Много дней спустя можно было встретить солдат, разыскивающих свою часть, проводников, которые пытались отыскать своих мулов, ординарцев, потерявших свой штаб.
Батальон Ф. принадлежал к той части, которой преследование противника угрожало больше, чем другим. Благополучно переправившись по мосту через реку Осуми, батальон двинулся по тропе, идущей вдоль реки до самого Берата. Сознание того, что река оставалась позади и можно было шагать хоть по какому-то подобию дороги, вскоре сменилось тревогой и глубокой подавленностью. После долгого дождя глинистую почву тропы размыло настолько, что она превратилась в поток жижи. Внизу протекала река, а сразу над тропой начинались крутые склоны, поросшие густым колючим кустарником, и шагать волей-неволей приходилось, утопая в этой жиже. При каждом шаге тяжелые ботинки увязали в грязи, ногу сжимало, как тисками: нередко ботинки так здесь и оставались. Стоило кому-нибудь, на свою беду, споткнуться, упасть (многие спали на ходу) — и тогда без помощи товарищей он не мог выбраться из липкой глины. В грязи валялись брошенные проводниками обессилевшие мулы, они лежали неподвижно, смертельный страх застыл в их глазах. Конечно, солдат подстегивало ощущение марша, конечно, никто не хотел отстать от впереди идущего, не хотел, чтоб его обогнали; те, кто посильней, помогали ослабевшим — и все же, несмотря на это, колонна сильно растянулась, более того, она распадалась, дробилась на звенья, и люди шагали на довольно большом расстоянии друг от друга. Некоторые не выдерживали, и, прислонившись к скале, ждали, пока мимо пройдут остальные, и глядели на них глазами, полными безысходного отчаяния. Такова была горькая картина разгрома, озаряемая слепящими вспышками взрываемых складов с боеприпасами.
Часа через два после начала марша колонна зашагала по тропе, ведущей на гору Томори, — вечером здесь проходила колонна раненых из их батальона. Но недолго длилось чувство облегчения, вызванное тем, что можно было шагать по твердой каменистой почве. Когда колонна поднялась выше, повалил снег. Снег больше всего мешал тем, кто шагал впереди и должен был прокладывать дорогу, но и другим снег принес ощущение пустыни без жилья, пустыни, где нельзя даже разжечь огонь. И пожалуй, обозы с продовольствием не смогут добраться сюда скоро, и жизнь будет настоящим адом, неизвестно сколько дней и ночей. Теперь растерянные, отчаявшиеся солдаты ждали любых страшных бед. Не ждали они только одного — встречи с противником. И тем не менее головная часть батальона, преодолев первый подъем и выйдя на плоскогорье, столкнулась с греческой колонной, которая, спускаясь с гор, стремилась отрезать итальянцам путь к отступлению.
Теперь противник навис над батальоном Ф.
XVI
Но прошла и эта ночь.

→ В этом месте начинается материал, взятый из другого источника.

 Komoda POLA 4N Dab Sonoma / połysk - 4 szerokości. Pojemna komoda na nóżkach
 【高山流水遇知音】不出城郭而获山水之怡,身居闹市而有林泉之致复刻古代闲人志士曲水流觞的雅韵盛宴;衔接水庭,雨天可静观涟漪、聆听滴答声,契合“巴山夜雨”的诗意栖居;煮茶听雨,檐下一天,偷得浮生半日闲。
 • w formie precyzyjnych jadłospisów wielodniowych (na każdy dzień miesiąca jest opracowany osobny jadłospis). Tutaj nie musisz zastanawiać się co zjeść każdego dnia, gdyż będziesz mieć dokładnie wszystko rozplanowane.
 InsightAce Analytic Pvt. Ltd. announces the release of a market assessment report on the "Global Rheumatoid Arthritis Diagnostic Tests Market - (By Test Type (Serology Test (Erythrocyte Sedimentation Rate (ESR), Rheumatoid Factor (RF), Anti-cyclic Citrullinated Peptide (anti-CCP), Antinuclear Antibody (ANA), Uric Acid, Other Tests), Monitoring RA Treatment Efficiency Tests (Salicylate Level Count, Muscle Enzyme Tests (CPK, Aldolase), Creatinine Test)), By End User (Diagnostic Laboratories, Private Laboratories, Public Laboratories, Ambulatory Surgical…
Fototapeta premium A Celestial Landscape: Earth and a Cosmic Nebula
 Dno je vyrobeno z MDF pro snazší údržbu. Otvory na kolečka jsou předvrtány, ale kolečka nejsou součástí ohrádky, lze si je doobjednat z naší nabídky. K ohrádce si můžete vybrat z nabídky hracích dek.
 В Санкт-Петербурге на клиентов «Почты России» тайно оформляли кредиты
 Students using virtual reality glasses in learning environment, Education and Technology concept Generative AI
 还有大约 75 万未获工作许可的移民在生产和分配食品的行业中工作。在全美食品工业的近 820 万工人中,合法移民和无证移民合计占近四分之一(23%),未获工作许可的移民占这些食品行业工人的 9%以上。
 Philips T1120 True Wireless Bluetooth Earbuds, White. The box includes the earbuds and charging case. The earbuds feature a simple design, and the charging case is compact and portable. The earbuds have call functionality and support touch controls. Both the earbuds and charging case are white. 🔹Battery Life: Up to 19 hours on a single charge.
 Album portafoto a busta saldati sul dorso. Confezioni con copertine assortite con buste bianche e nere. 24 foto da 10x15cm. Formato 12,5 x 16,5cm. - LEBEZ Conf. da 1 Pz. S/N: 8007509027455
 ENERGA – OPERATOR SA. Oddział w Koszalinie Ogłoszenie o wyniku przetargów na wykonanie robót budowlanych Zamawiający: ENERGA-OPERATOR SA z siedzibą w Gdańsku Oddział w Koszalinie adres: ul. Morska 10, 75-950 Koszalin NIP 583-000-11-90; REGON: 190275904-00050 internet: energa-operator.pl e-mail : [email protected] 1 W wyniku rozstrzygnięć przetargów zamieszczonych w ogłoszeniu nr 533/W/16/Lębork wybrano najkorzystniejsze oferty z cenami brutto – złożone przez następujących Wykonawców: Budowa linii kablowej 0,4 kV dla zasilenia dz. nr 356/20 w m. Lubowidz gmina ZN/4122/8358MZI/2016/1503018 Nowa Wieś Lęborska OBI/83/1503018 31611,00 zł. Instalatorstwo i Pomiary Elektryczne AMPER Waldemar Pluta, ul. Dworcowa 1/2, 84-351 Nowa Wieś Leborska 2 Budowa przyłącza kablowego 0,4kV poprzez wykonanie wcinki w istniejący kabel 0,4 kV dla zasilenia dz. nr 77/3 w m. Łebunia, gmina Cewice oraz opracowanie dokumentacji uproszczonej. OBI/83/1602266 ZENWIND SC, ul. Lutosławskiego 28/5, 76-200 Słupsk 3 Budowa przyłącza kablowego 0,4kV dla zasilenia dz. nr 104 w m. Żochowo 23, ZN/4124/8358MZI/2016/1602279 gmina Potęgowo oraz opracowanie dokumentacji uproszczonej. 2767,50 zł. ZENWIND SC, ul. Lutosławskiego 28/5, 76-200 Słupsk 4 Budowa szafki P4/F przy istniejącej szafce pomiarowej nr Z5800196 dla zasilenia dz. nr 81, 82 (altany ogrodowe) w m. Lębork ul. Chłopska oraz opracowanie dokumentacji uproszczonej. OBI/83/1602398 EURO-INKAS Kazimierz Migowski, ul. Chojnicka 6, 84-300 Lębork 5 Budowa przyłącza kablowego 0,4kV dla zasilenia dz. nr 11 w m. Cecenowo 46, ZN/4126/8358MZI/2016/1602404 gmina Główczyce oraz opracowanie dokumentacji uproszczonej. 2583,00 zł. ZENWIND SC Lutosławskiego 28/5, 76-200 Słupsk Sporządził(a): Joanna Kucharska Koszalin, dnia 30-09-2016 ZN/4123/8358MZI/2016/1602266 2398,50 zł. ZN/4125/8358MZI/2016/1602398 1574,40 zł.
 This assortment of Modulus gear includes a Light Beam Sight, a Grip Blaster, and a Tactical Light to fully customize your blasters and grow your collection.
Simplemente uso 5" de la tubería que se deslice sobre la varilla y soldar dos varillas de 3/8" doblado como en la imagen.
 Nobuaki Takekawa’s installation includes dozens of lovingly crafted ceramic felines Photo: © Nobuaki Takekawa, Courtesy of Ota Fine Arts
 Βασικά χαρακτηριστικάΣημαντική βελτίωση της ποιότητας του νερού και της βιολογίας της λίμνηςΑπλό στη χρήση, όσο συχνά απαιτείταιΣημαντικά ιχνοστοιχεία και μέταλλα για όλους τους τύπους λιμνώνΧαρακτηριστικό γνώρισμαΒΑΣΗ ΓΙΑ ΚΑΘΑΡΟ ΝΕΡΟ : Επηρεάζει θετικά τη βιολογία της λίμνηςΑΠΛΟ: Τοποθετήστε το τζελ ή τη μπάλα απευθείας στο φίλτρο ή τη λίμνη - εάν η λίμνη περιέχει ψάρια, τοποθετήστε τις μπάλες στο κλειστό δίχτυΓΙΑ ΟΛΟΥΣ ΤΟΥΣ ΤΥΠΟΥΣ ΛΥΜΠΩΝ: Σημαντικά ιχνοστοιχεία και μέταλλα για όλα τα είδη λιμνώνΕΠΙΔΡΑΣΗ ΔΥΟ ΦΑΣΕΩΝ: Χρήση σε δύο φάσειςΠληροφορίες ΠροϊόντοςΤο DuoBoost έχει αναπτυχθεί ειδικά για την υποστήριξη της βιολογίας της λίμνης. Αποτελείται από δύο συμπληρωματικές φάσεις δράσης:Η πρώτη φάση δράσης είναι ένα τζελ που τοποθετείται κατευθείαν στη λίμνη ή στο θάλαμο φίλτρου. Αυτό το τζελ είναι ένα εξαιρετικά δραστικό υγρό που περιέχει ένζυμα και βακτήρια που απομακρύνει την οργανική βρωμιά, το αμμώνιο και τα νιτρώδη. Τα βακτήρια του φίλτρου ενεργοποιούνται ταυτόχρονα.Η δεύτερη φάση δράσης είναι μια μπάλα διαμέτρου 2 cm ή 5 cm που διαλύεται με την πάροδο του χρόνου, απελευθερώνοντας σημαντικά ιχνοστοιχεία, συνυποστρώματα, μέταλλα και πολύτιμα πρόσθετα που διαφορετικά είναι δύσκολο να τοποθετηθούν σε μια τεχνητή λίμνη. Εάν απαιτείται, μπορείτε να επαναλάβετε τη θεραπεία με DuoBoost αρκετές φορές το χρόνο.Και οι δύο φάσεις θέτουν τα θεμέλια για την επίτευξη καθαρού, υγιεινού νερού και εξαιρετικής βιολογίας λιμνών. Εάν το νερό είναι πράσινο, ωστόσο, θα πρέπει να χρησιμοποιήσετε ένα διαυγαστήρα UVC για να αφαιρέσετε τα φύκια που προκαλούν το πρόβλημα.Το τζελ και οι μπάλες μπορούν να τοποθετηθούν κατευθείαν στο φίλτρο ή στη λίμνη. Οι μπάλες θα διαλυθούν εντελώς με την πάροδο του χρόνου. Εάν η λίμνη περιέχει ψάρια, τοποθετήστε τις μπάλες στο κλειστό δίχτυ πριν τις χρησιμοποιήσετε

Наступил рассвет. Небо было чистым, до бесконечности прозрачным, каким оно бывает только высоко в горах, на рассвете, после бушевавшей ночью вьюги. Опытный глаз обнаружил бы признаки недавнего смятения стихии в легких испарениях, которые подымались над верхушками острых хребтов, в полосах снега, покрывавших склоны гор, словно рябь на морской глади. Но вот уже зажглось ярко-розовое пламя на макушках гор, и чем ниже оно опускалось, покрывая своими отсветами заснеженные склоны, тем нежней становились розовые тона. Тени, вначале голубоватые, теперь серели и отступали, то постепенно, то рывками. Снова раздалось глухое рычанье пушек. С разных сторон доносилось дерзкое потрескивание пулеметов — одна, две очереди, затем одиночный выстрел, потом тишина, и потом, в другом месте, опять очереди, опять выстрелы. Так день заявлял о себе. Затем ослепительный диск солнца, пробуравив вершину горы, послал свои лучи в котловину. Тени разбегались по сторонам, прятались на самом, дне ущелий, в расселинах скал и по другую сторону склона, над которым теперь поднималось солнце. Наконец свет залил цепь вершин, плоскогорье, нескончаемый ряд хребтов и долин, протянувшихся с востока на запад; все потонуло в лучах солнца, все — вплоть до той бирюзовой точки на далеком горизонте, где синело море, за которым для лейтенанта Андреиса, для альпийского стрелка
Да Рина, для десятков тысяч людей, заброшенных на чужую землю, начиналась родина, если только ее еще можно было так называть в те времена.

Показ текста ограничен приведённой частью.